The field of predictive process monitoring focuses on modelling future characteristics of running business process instances, typically by either predicting the outcome of particular objectives (e.g. completion (time), cost), or next-in-sequence prediction (e.g. what is the next activity to execute). This paper introduces Processes-As-Movies (PAM), a technique that provides a middle ground between these predictive monitoring. It does so by capturing declarative process constraints between activities in various windows of a process execution trace, which represent a declarative process model at subsequent stages of execution.

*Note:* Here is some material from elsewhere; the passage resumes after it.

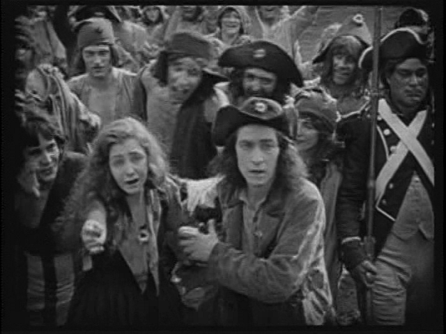 ただ、この映画にフランス革命をグリフィスが盛り込んだということを、どういう風に考えるかということなのですが、グリフィスというのは、こういう歴史大作を撮っても、結局はメロドラマになるわけですね。終わりはいつも決まってラスト・ミニッツ・レスキューです。危機に瀕した登場人物を、遠くから誰かが救いに来る。それを、交互に映し出しながら見せていくというお得意のクライマックスですね。代表的なのは『国民の創生』と『イントレランス』の現代編とかですが、それ以前の短篇の時代から、そういう映画の作り方をずっとやってきています。なので『嵐の孤児』でも、最後のクライマックスを盛り上げるための背景としてフランス革命を使っているだけで、あまり真剣に考えることもないのではないかという見方もできるし、それも正しいと思うのです。
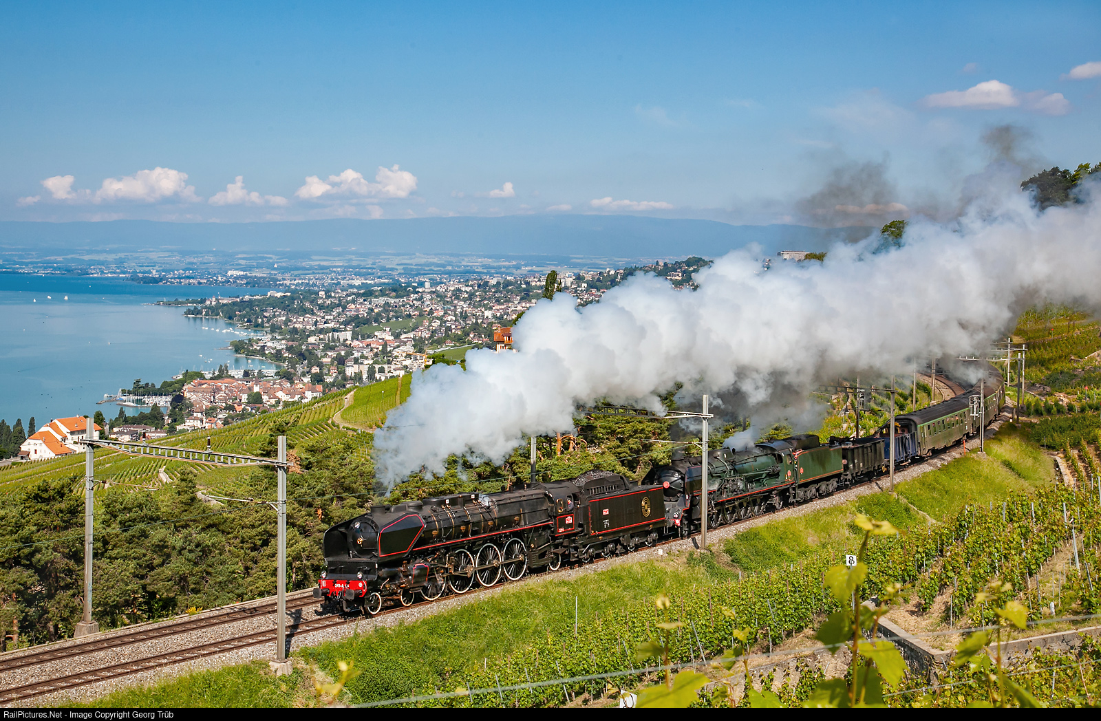 Two large ex French Railways (SNCF) 4-8-2 steamlocomotives with the long special "Vapeur Swiss Express" on the 1.8 % (max 2.1 %) ramp from Lausanne on the Lake Geneva up to Puidoux-Chèxbres. First is 241 A # 65, based in Full/Switzerland since many years, operated by association Dampflok Depot Full (DDF), second the 241 P # 17, guest from Le Creusot (France). The train was crossing Switzerland from Geneva via Lausanne-Fribourg-Berne-Olten-Lenzburg-Bözberg to Basel. Brian Stephenson photographed the original Swiss Express of the SBB on this beautiful location exactly 26 years before! See ID=252343

This high-dimensional representation of a process model allows the application of predictive modelling on how such constraints appear and vanish throughout a process' execution. Various recurrent neural network topologies tailored to high-dimensional input are used to model the process model evolution with windows as time steps, including encoder-decoder long short-term memory networks, and convolutional long short-term memory networks. Results show that these topologies are very effective in terms of accuracy and precision to predict a process model's future state, which allows process owners to simultaneously verify what linear temporal logic rules hold in a predicted process window (objective-based), and verify what future execution traces are allowed by all the constraints together (trace-based).